#38 - Intelligence and Overfit
The other side of the double edged sword of increased intelligence
Last time we spoke about intelligence and pattern recognition:
#37 - Pattern Recognition & Intelligence
While there are many ways to look at and define intelligence, essentially all research points to a core, general intelligence (referred to as g in academic literature), as the governing factor for people. Put another way, g is the speed limit of a human brain, and we all have slightly different ones.
As promised, today we’ll look at the downsides of excellent pattern recognition in humans (and AI).
Looking at computers, even before AI they were exceptional pattern recognition engines If intelligence were fully defined by pattern recognition, computers may already be superior to their creators. Even using basic techniques like regression, computers are often able to spot relationships that humans miss.
But the downfall of computer pattern recognition, as any good data scientist knows, is overfitting. In lay terms, overfitting is when a model identifies a trend that wasn’t real and rather just an accident of randomness within the data. Such a relationship will do well to explain the past, but will be useless (or worse) at predicting the future.

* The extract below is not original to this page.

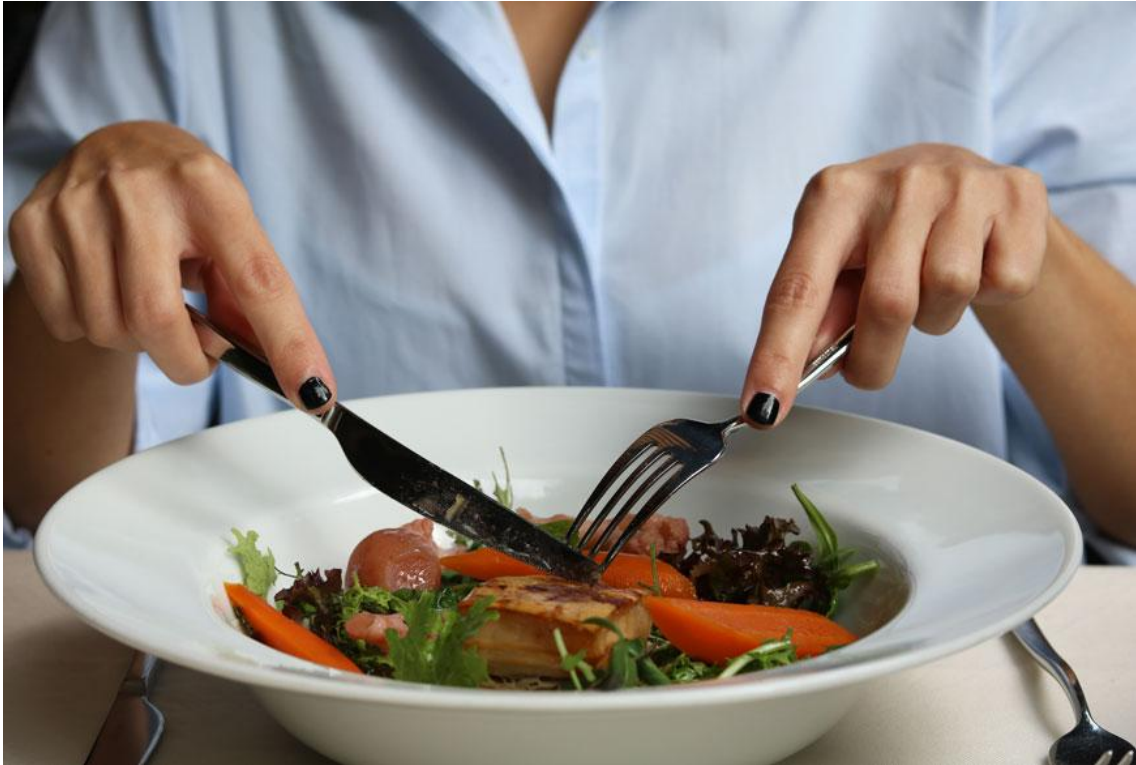
Dubravkin puesto en Zagreb

Croacia se ha añadido a la Guía Michelin - Principales ciudades de Europa 2019.

Put practically, imagine the following. You feed a computer a bunch of people’s height, weight, hair color, shoe size and ask it to determine whether they are left-handed. The computer will draw the best relationship it can from this – one which may explain a lot or all of the data you provide. But as each of these factors is (to my knowledge) uncorrelated with left-handedness, the model will be worthless when predicting if a new person is left-handed.
It’s broadly been recognized that humans also suffer from overfitting. Superstitions can be seen as us overfitting behavior models: we saw something bad happen once when a guy walked under a ladder, so now no one should do it.
More practically, the work of Nobel Prize winning economist Daniel Kahneman shows how humans systematically are biased in our thinking, with anchoring and loss aversion biases being two of the most common. Each of these merits its own coverage at some point.
With that all said, let’s link this back to intelligence. More intelligence leads to more pattern recognition, but it does not ensure that these patterns are real. They may be, and often are spurious overfits. This is a handicap that comes with intelligence. This is why, as Naval Ravikant put it on a recent episode of his podcast, “Judgement is the Decisive Skill,” and why he states in it that “Intellect without any experience is often worse than useless.”
Judging how much a smart person overfits with their additional pattern recognition skills is a fool’s errand, and would vary greatly from person to person. Thus I’ll bring in my personal experience: I’ve seen many objectively smart people be overconfident in “proven” ideas.
Case-in-point: many people seem sure to trust that the science (or “The Science”) is absolute, without considering all the reasons the science could be off: financial incentives from government and industry, p-hacking done to make a name and a splash with a controversial result, tertiary factors being overlooked that obscure or drive the real effect, and so much more.
My bias is to opt on the side of caution. Whether we call it judgement or call it wisdom, it’s better to admit that we don’t yet know something. If we act to hastily with certainty, the unintended consequences around are almost always powerful and hard-to-predict.